There was a new course of study offered the pupils this year. It was called the Cookery Course and was elective, not required. Lydia turned her small nose up at it. She was a good cook, without study, she told herself. But Miss Towne thought differently. She called Lydia into her room one day, early in the term. "Lydia, why don't you take the Cooking Course?"
"I can cook, Miss Towne. I do all our cooking and Daddy says I'm fine at it."
"I know, my dear, but there are other things connected with the Course that you need."
"What things?" asked Lydia, a trine obstinately.
"That's what I want you to find out for yourself. Come, Lydia, take my word for it. It's only two hours a week and no outside study required. If after a term of it, you still think it's useless, why drop it."
So behold Lydia entered in the Cooking Course which was not popular. The mothers of the majority of the girls did not, they said, send their daughters to school to be taught kitchen service. But by the efforts of Miss Towne and one or two other teachers, a dozen children ranging in age from fourteen to eighteen, with Lydia as the infant of the class, were enticed into the bright model kitchen in the basement.

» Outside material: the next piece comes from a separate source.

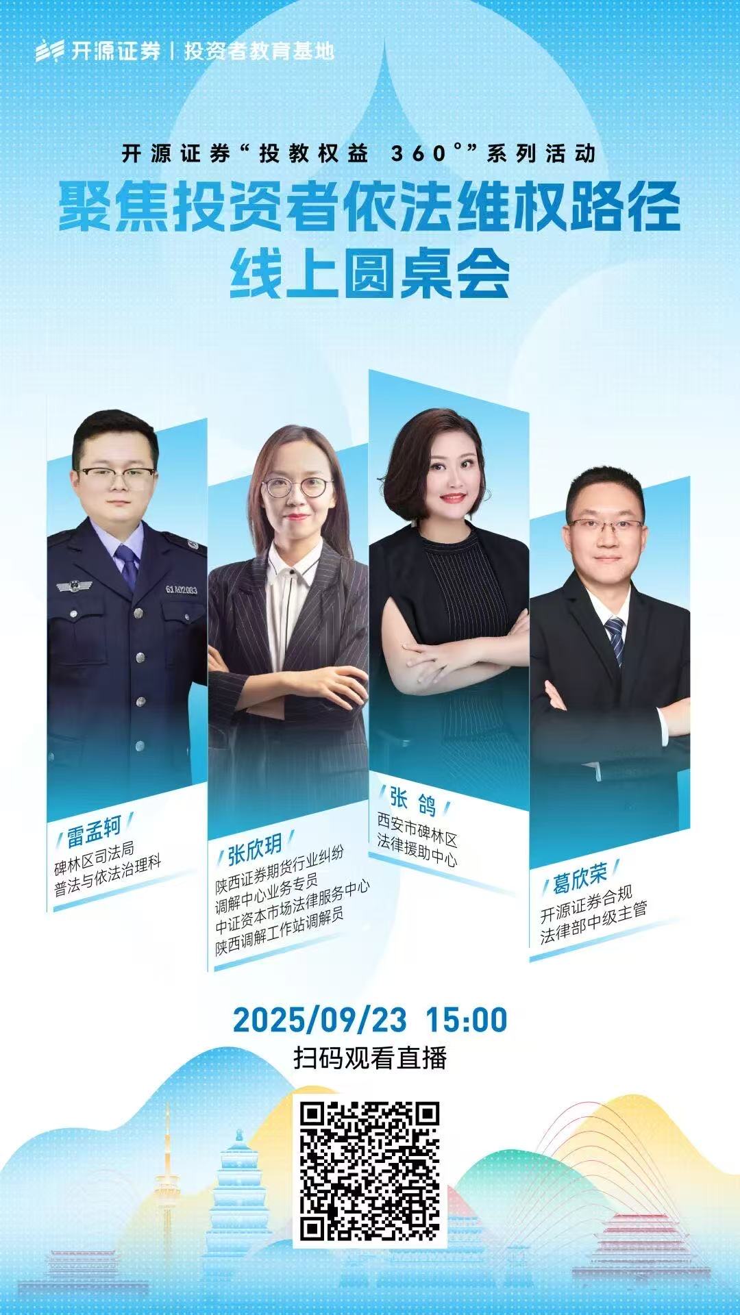 开源证券“投教权益360°”系列活动——聚焦投资者依法维权路径线上圆桌会,即将上线!

It was not long after this that Lydia said to her father, one evening,
"Daddy, I've got to have twenty-five cents."
Amos looked up from his newspaper. "What for, Lydia? A quarter's a good deal of money. Takes me pretty near two hours to earn it."
"I know it," answered Lydia, wincing, "but I've got to buy a nail file. You ought to see my hands compared with the other girls. And you ought to see dirty finger nails under the microscope. The cooking school teacher showed us before we made bread, today."